I keep this showing on my laptop.
C cleaner is good, but PLEASE , do not use any registry cleaner. My experience and the experience of others on this site, have found that they can cause big trouble for your computer. So be sure to uncheck the regedit on the ccleaner program. The rest is good.


vicks


----------



## muckmail (Jan 3, 2007)

Looks like it is works much better. I used c cleaner & Defrag the drive which made
things much smoother & faster. It only has 128 of memory I might look into expanding
memory a little. I am using the power option icon.
Thank you,


----------



## vicks (Jan 31, 2005)

You are welcome. Glad those things seem to have helped. 
Yes, I believe the memory ram could be changed to make things a bit faster. I have an older IBM think pad that had only the 128 mb ram. 64 was permanent and it had 1 empty slot. Just this past week, I removed the 64mb removable one and put it 2 -128 mb (that is all that it would recognize) and it is running much better now. 
Go to www.crucial.com and they can advise how much and which type of ram you can put in the computer. Once you get that, since this is an older computer, I would check with a mom/pop type of repair shop and see if they have the ram you need. (I put used in this 2002 computer). You also can get it on ebay.
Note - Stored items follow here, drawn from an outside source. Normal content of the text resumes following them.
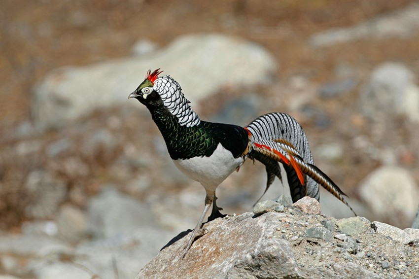 白腹錦雞(學(xué)名:Chrysolophus amherstiae):藏語譯音:甲嚇破呷妞仁 別名:銅雞、寬寬雞 國家II級保護動物,見于瀘定、康定、丹巴、九龍等。 雄鳥全長約140厘米,雌鳥約60厘米。雄鳥頭頂、背、胸為金屬翠綠色;羽冠紫紅色;后頸披肩羽白色,具黑色羽緣;下背棕色,腰轉(zhuǎn)朱紅色。飛羽暗褐色。尾羽長,有黑白相間的云狀斑紋。腹部白色。嘴和腳藍灰色。雌鳥上體及尾大部棕?
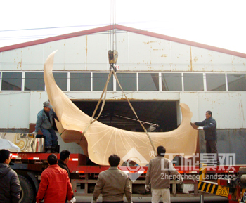 由于雕塑体积较大,数量又多,路途遥远,经厂里研究,商定将雕塑运达现场后进行拼装再上色。这样虽加大了难度,但却能保正雕塑的完整性,防止其在漫长的运输过程中造成的不必要的损伤。7日上午,运输的车辆整装待发,大型吊车将雕塑各部件安放到运输车辆上,待一切固定好,车辆离开了南京,驶向湘潭,开始了长达一千多公里的路途。
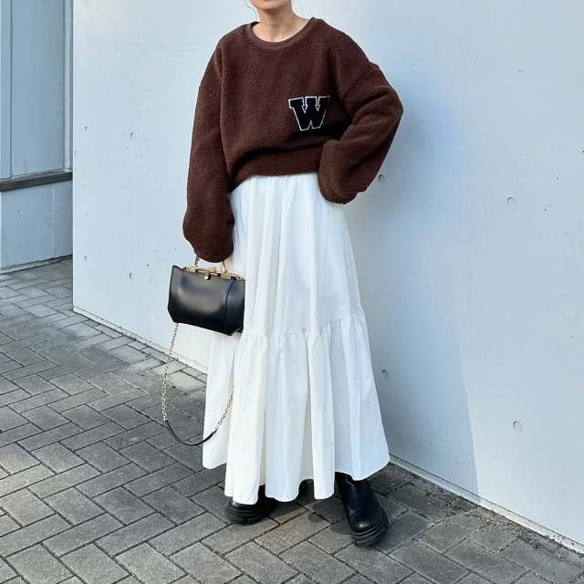 ボリュームニットに同じくボリュームがあるスカートの着合わせは難しそうに感じますよね。しかし軽やかに見える白いスカートを選べば、むしろ抜け感たっぷりのスタイルに。カジュアルでこなれた印象に仕上げたい日は、ぜひこの組み合わせを試してみてください。
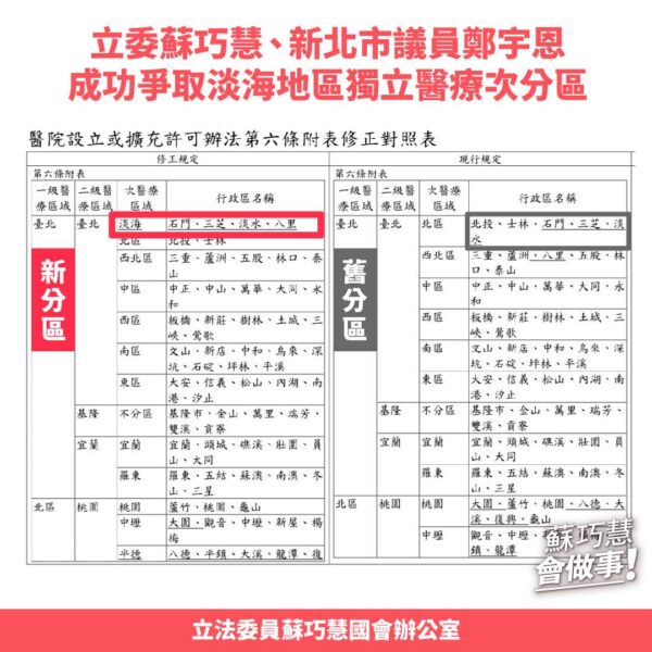 淡海地區需要醫院,不久前也中央也已經完成法規鬆綁,宇恩持續在議會來追蹤。包含這次的市政總質詢,宇恩也再次向市府來確認,得知「國土署確實有納入規劃,新北仍持續與中央溝通座落地點。」
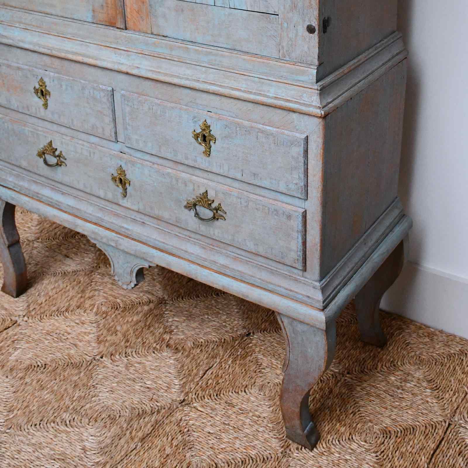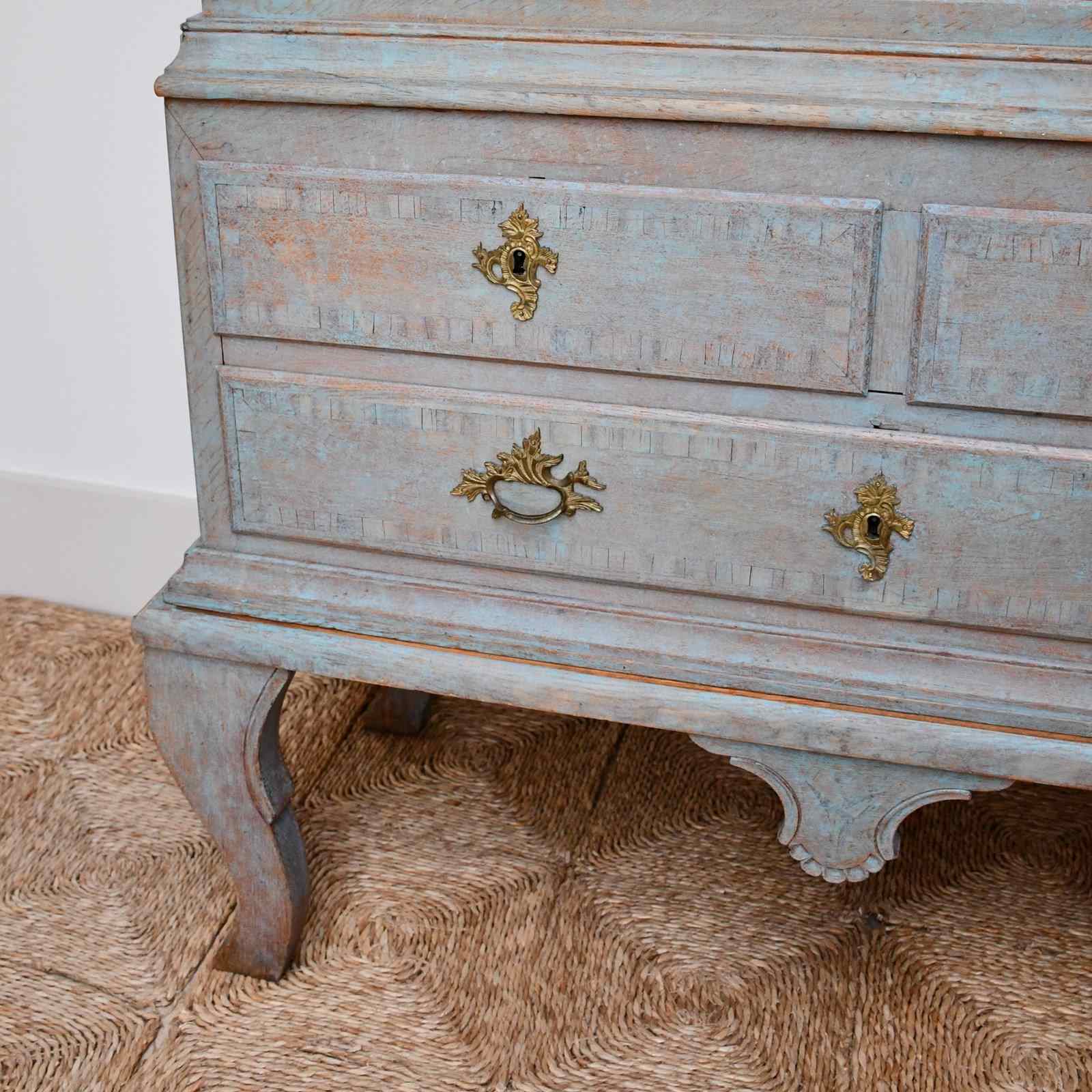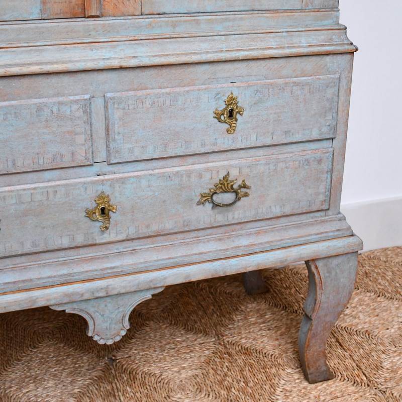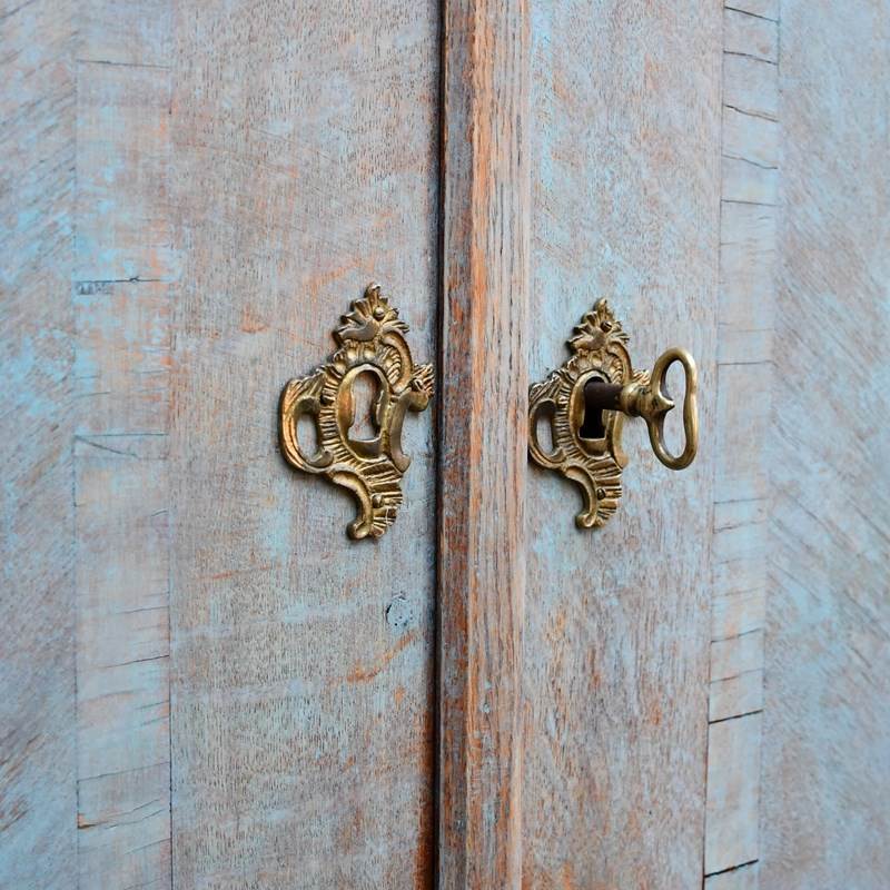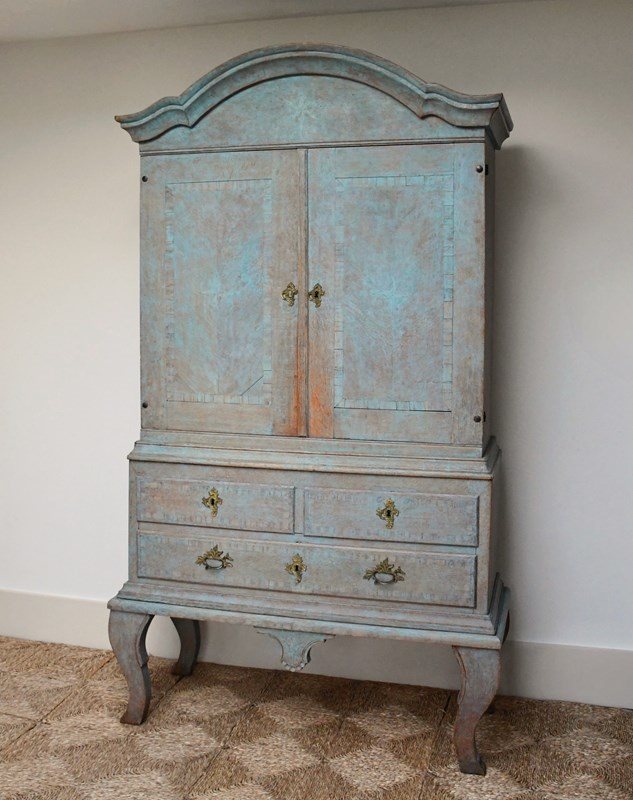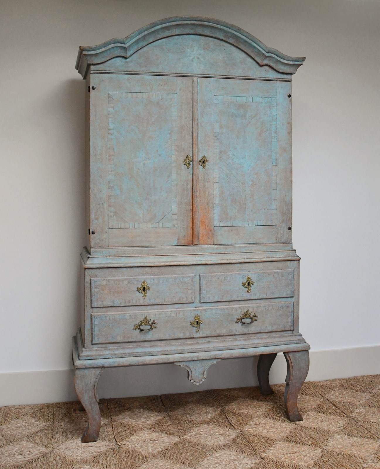The cabinet displays a wonderful blue/grey distressed painted finish.

Crucial also has a video that shows you how to change the ram.
GOOD LUCK
vicks


----------



## muckmail (Jan 3, 2007)

Thanks for the help.
I will need to know what kind of memory to look for. It is different for desk top 
memory. Ebays, rebate specials, yard sales etc would be a good place to
look.

Thank you,


----------



## vicks (Jan 31, 2005)

muckmail said:


> Thanks for the help.
> I will need to know what kind of memory to look for. It is different for desk top
> memory. Ebays, rebate specials, yard sales etc would be a good place to
> look.
> ...


That is why I gave you the link to www.crucial.com. That will tell you what you need.
vicks


----------